**ACTION ITEM**
In the entries that follow, the lines from the line containing "서울 광진구의 도심 속" up to and including the line containing "刺梨是滋補(bǔ)健身的營(yíng)養" must be copied exactly, with pictures omitted.

**EXTRACTED MATERIAL**

<<<<

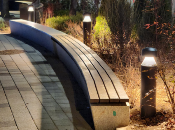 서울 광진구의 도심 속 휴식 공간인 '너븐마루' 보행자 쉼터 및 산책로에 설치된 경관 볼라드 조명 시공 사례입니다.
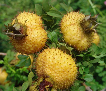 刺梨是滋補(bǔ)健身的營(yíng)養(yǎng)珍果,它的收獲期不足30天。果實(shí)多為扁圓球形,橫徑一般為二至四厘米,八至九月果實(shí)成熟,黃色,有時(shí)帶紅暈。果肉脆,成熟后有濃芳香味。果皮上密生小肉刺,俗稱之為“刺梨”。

>>>>
<<<<

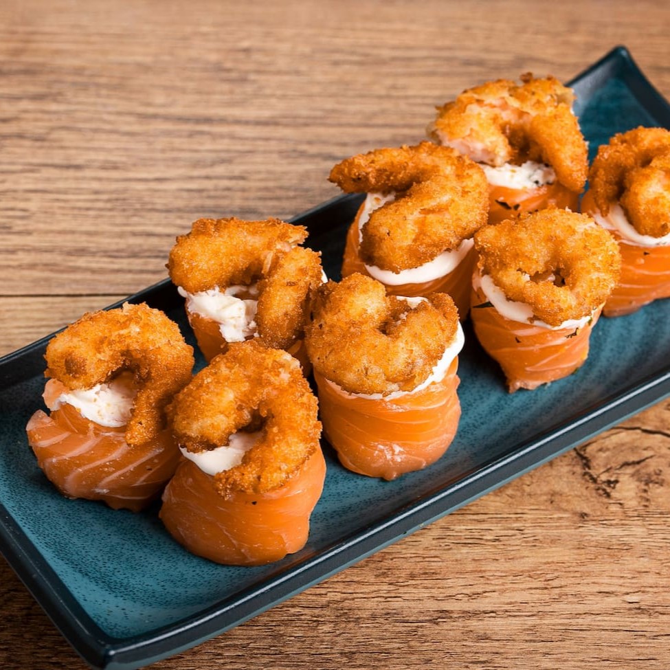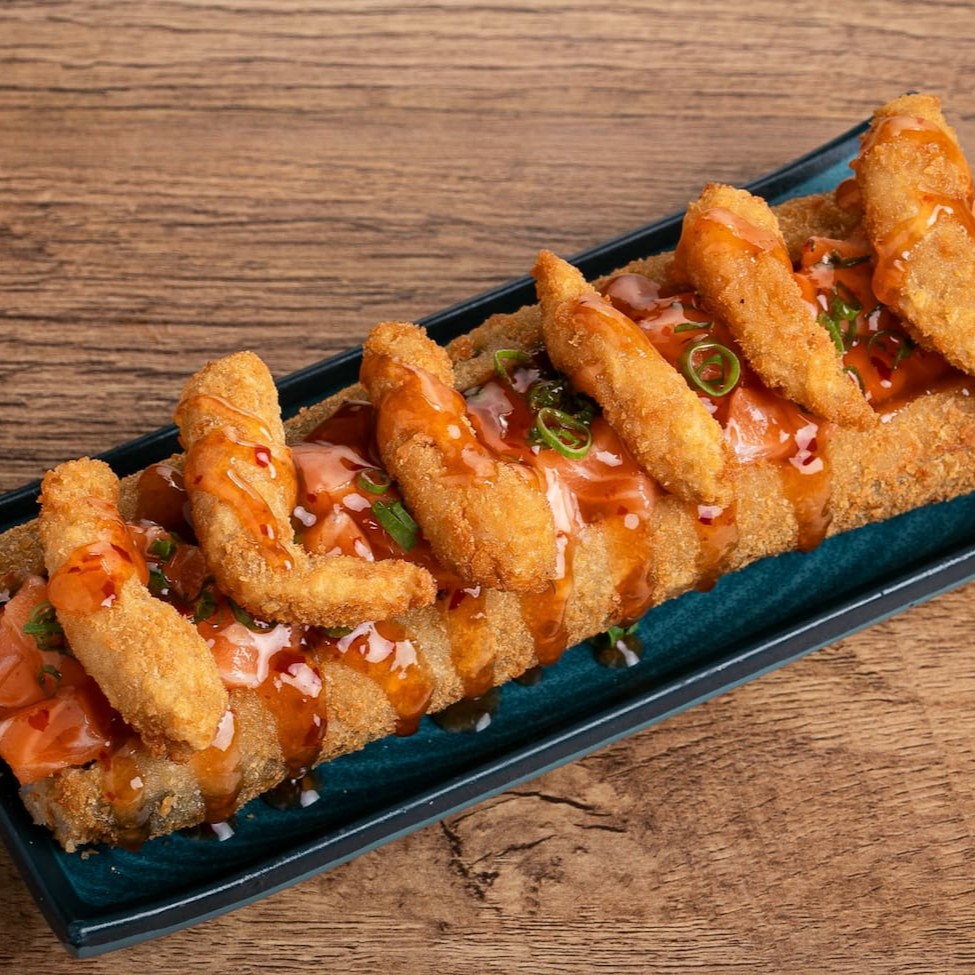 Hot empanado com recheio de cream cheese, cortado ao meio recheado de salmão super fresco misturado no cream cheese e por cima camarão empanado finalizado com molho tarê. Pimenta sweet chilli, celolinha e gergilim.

>>>>
<<<<

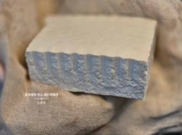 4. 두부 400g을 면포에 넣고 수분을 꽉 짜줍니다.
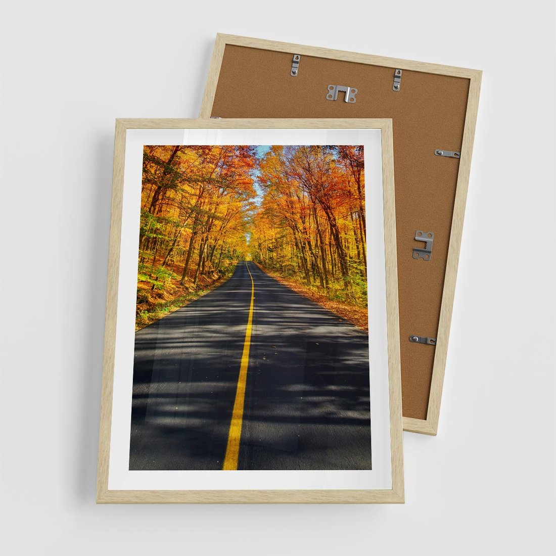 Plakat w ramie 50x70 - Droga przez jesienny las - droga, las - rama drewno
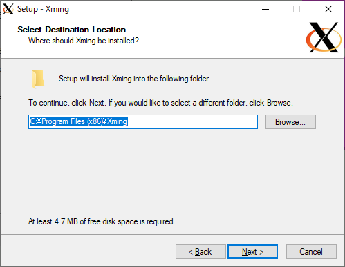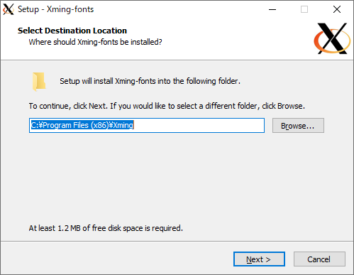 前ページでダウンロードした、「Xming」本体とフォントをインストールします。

>>>>

**ANSWER SECTION**
 서울 광진구의 도심 속 휴식 공간인 '너븐마루' 보행자 쉼터 및 산책로에 설치된 경관 볼라드 조명 시공 사례입니다.
 刺梨是滋補(bǔ)健身的營(yíng)養(yǎng)珍果,它的收獲期不足30天。果實(shí)多為扁圓球形,橫徑一般為二至四厘米,八至九月果實(shí)成熟,黃色,有時(shí)帶紅暈。果肉脆,成熟后有濃芳香味。果皮上密生小肉刺,俗稱之為“刺梨”。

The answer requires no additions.